Police seize £130m in cannabis plants in biggest ever UK-wide crackdown

Police say searches and arrests were made in all counties in England and Wales, ITV News' Charlie Frost reports

More than 1,000 cannabis farms have been raided by police across Britain in a mass scale crackdown.

Plants worth £130 million seized and at least 1,000 suspects have been arrested, in the month-long Operation Mille.

The raids targeted what law enforcement believe is a cash cow for organised crime gangs, alleged to be involved in money laundering, Class A drug smuggling, and violence.

Police say searches and arrests were made in all counties in England and Wales.

Thousands of cannabis plants worth more than £3 million were seized by police in Cambridgeshire alone

Another 16,000 cannabis plants were seized across England's North East.

And in Kent, growing operations were uncovered in a disused commercial property and a barn, among other locations.

Watch Cambridgeshire Police carry out raids, seizing cannabis plants worth more than £3m

Steve Jupp, the National Police Chiefs’ Council lead for Serious and Organised Crime, said: “We know that organised networks involved in cannabis production are also directly linked to an array of other serious criminality such as Class A drug importation, modern slavery and wider violence and exploitation.

“This operation not only successfully disrupted a significant amount of criminal activity, but the intelligence gathered will also help inform future law enforcement across the country."

He added: “Cannabis-related crime is often thought to be ‘low level’; however, there are clear patterns around the exploitation and violence organised crime groups are using to protect their enterprises.

“We also frequently find that cannabis production is just one aspect of their criminal operations and that they are complicit in wider offending which blights our communities.”

What is Operation Mille?

During June, Operation Mille, the largest of its kind and involving every police forces in England, Wales and Scotland, resulted in 200,000 cannabis plants being seized, along with 15 to 20 guns and more than 40 other offensive weapons.

Of those arrested, more than 450 were later charged.Around 11,000 officers were involved in the crackdown, during which £650,000 in cash was also seized.

Around £650,000 worth of cash was seized during Operation Milne.
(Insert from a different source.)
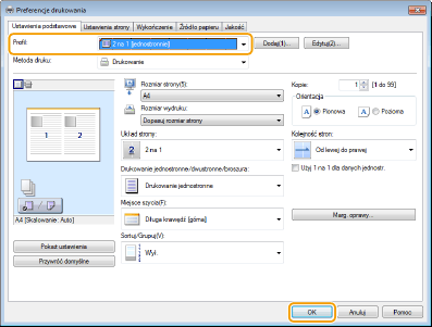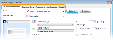 Określanie kombinacji ustawień, jak np. drukowanie „1-stronne w orientacji poziomej na papierze w formacie A4” przy każdym drukowaniu, może być czasochłonne. Jeśli często używane kombinacje ustawień wydruku zostaną zarejestrowane jako „profile”, skonfigurowanie ustawień wydruku będzie wymagało jedynie wybrania profilu z listy. W tej sekcji opisany został sposób rejestracji profili i drukowania za ich pomocą.

Credit: PA/National Police Chiefs' Council

Large-scale industrial units are used for cannabis farms but also empty residential homes.

Police say the buildings can become dangerous as a result of fire risks, unlawful abstraction of electricity, fumes and water damage.

In Wales, police stressed that cannabis factories present a 'very real local threat' after seizing around £8.7m worth of drug.

In the North East, co-ordinated efforts by the North East Regional Organised Crime Unit (NEROCU), Cleveland Police, Northumbria Police, Durham Constabulary and partner agencies, saw a total of 87 warrants executed and the seizure of over 16,000 cannabis plants.

While officers carried out 30 warrants and seized more than 7,000 plants valued at around £3.5m in Kent.

Around 15 to 20 guns and more than 40 other offensive weapons were seized as part of the operation. Credit: PA/ National Police Chiefs' Counci

Across Leicestershire, more than 9,200 plants with a street value of more than £7m have been seized.

The aim of the operation was to disrupt key sources of revenue and apprehend those involved in cannabis distribution.

How to spot a cannabis farm

Following the success of the operation, police are now warning the public abut the possible signs of cannabis farms.

The seven signs to look out for:

  • Frequent visitors to a property at unsocial hours throughout the day and night.

  • Blacked out windows or condensation on the windows, even when it is not cold outside.

  • Bright lights in rooms throughout the night.

  • Electricity meters being tampered with/altered and new cabling, sometimes leading to street lighting. High electricity bills could also be an indicator.

  • A powerful, distinctive, sweet, sickly aroma and noise from fans.

  • Lots of work or deliveries of equipment to an address, particularly those associated with growing plants indoors without soil such as heaters and lighting.

  • An excessive amount of plant pots, chemicals, fertilisers, and compost.